We left Abbmojavre that had been our base camp mid day next day, more a big tarn than a lake, and most of it still covered by a thin layer of ice, and just kept height until we easily crossed Abbmojåkkha, and with light feet crossed over Njunes plateau just avoiding stepping on the enormous amount of lemmings around us. We knew that we were coming to the end of this trip and that just felt…sad. So we walked in silence the last few hours up until we climbed a small knob called Doaresjoavje.
Sundip used to read me a poem now and than and great landmarks of our trip and the one which fitted the best to the occasion and very much my own life is this great one by Robert William Service:
When you’re lost in the Wild, and you’re scared as a child,
And Death looks you bang in the eye,
And you’re sore as a boil, it’s according to Hoyle
To cock your revolver and . . . die.
But the Code of a Man says: “Fight all you can,”
And self-dissolution is barred.
In hunger and woe, oh, it’s easy to blow . . .
It’s the hell-served-for-breakfast that’s hard.
“You’re sick of the game!” Well, now, that’s a shame.
You’re young and you’re brave and you’re bright.
“You’ve had a raw deal!” I know — but don’t squeal,
Buck up, do your damnedest, and fight.
It’s the plugging away that will win you the day,
So don’t be a piker, old pard!
Just draw on your grit; it’s so easy to quit:
It’s the keeping-your-chin-up that’s hard.

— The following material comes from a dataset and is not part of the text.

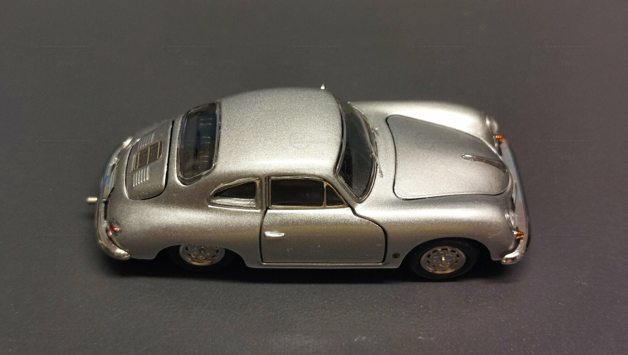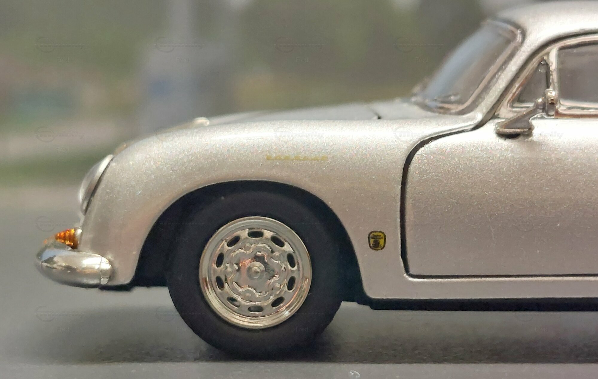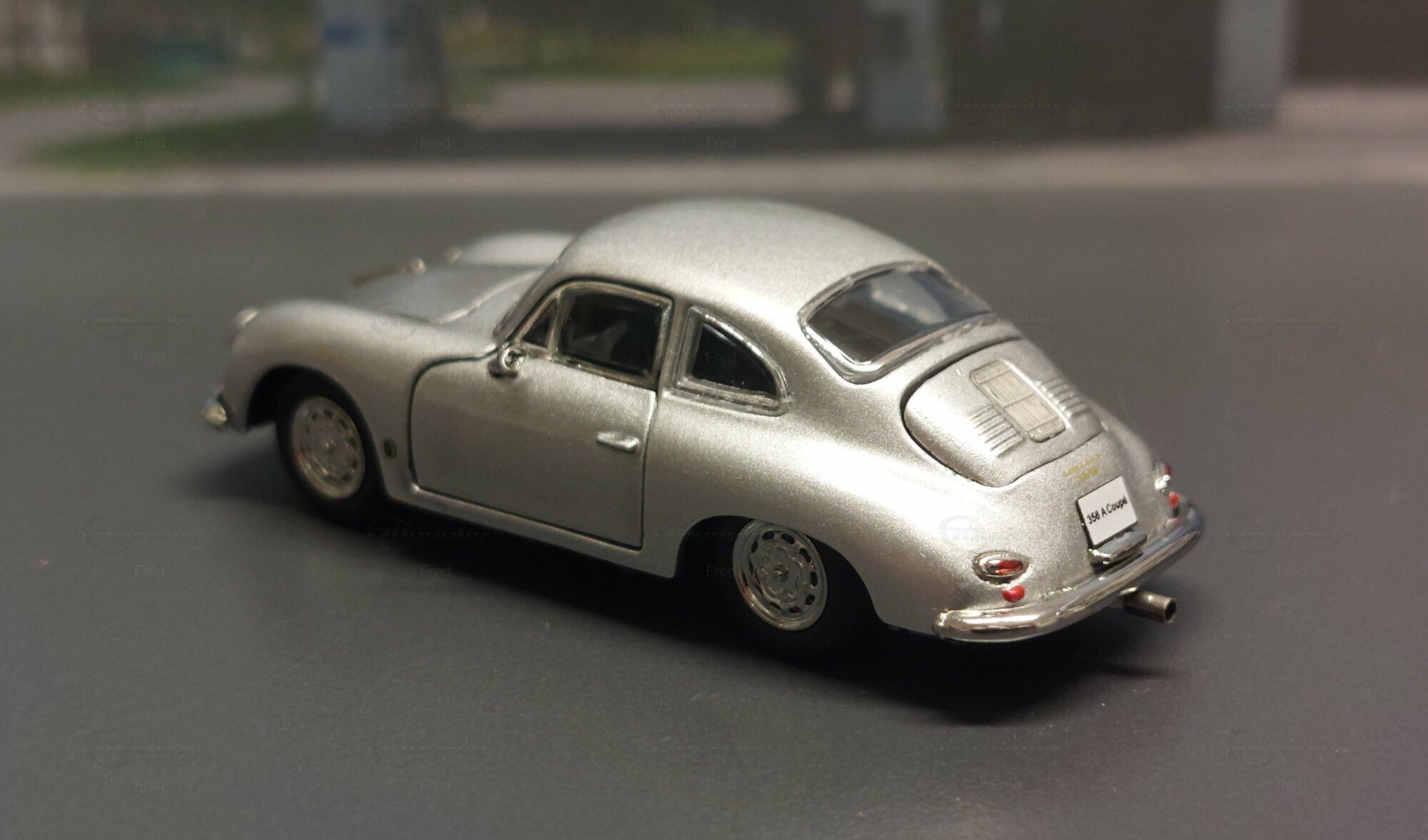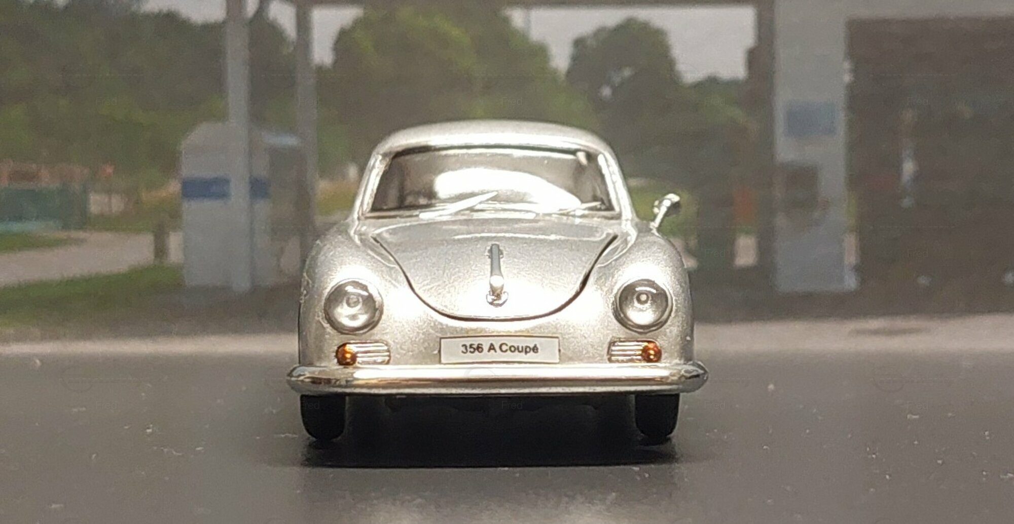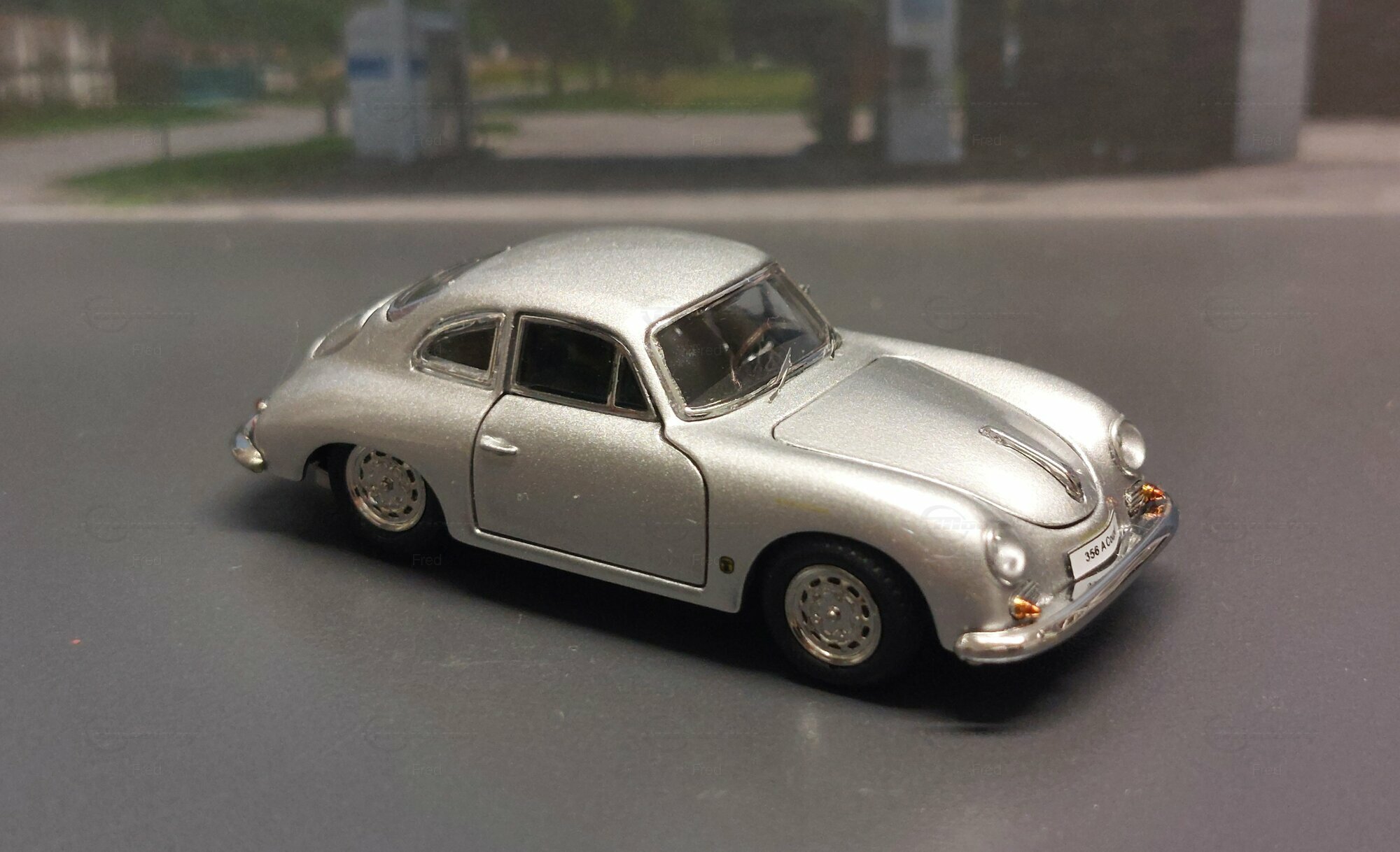 The model car shown here in 1/64 scale was manufactured by Peako and is a detailed replica of the Porsche 356 A Coupe. This model is made of high-quality die-cast material, giving it a sturdy and premium feel. It is a limited edition, with only 999 units produced worldwide. This particular model is part of the collection of Modelly member "Fred". The model showcases the Porsche 356 A in a silver finish, capturing the classic style and elegant look of the original. The proportions and details such as the round headlights, bumper shape, and curved fenders are accurately depicted.
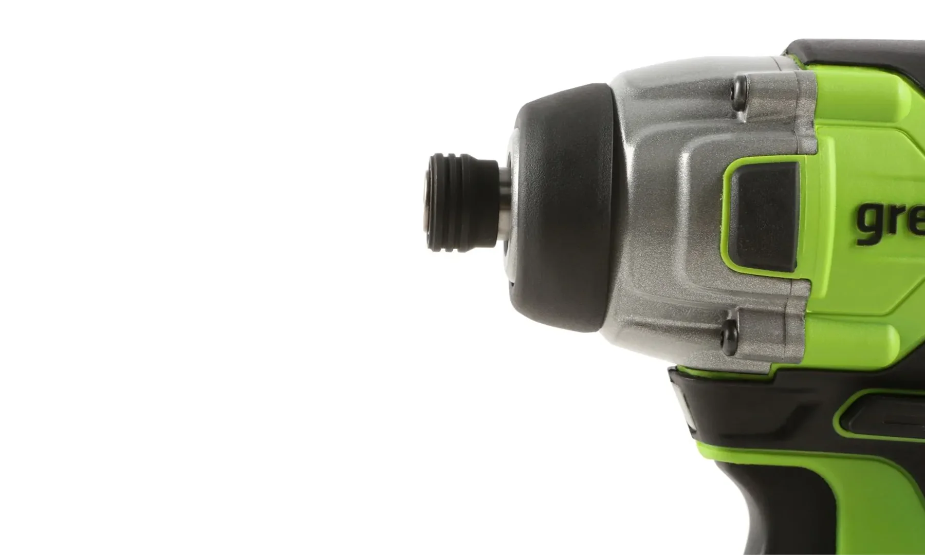 Винтоверт оснащается быстро зажимным патроном под шестигранную биту размером 6 мм. Работает данная модель от 24V аккумулятора, напряжение которого на 30% выше принятого 18V стандарта, более того, этот аккумулятор может применяться для работы с более чем 20-ю устройствами, в том числе и садовым инструментом линейки GreenWorks G-24V.

It’s easy to cry that you’re beaten — and die;
It’s easy to crawfish and crawl;
But to fight and to fight when hope’s out of sight —
Why, that’s the best game of them all!
And though you come out of each gruelling bout,
All broken and beaten and scarred,
Just have one more try — it’s dead easy to die,
It’s the keeping-on-living that’s hard.
The top of Doaresoajvje offered us great views over Lake Sitojaure and we noted an empty reindeer corral well located and decided to put up camp for the night next to it. But by the time we reached it, we had a bit of rain and mosquitoes arrived so we headed down a rivergorge and set camp there and slept outdoors to enjoy the last night out.
Once we hit the trail next day, the trip was over.
What makes Sarek unique, if I compare with any other area of great natural beauty that I have visited professionally the last 25 years, are six:
1. Very few well used trails in the park
2. It is really wild, you do a mistake or ain´t properly prepared when weather changes, this is serious.
3. No huts, except the locked one´s belonging t the Sami and one or two I think, for security. But they´re far apart.
4. It is really little known outside Sweden and therefore, very few tourists.
5. If one puts a bit of effort getting away from the most visited parts, you are alone.
6. Water is drinkable and fresh pretty much everywhere.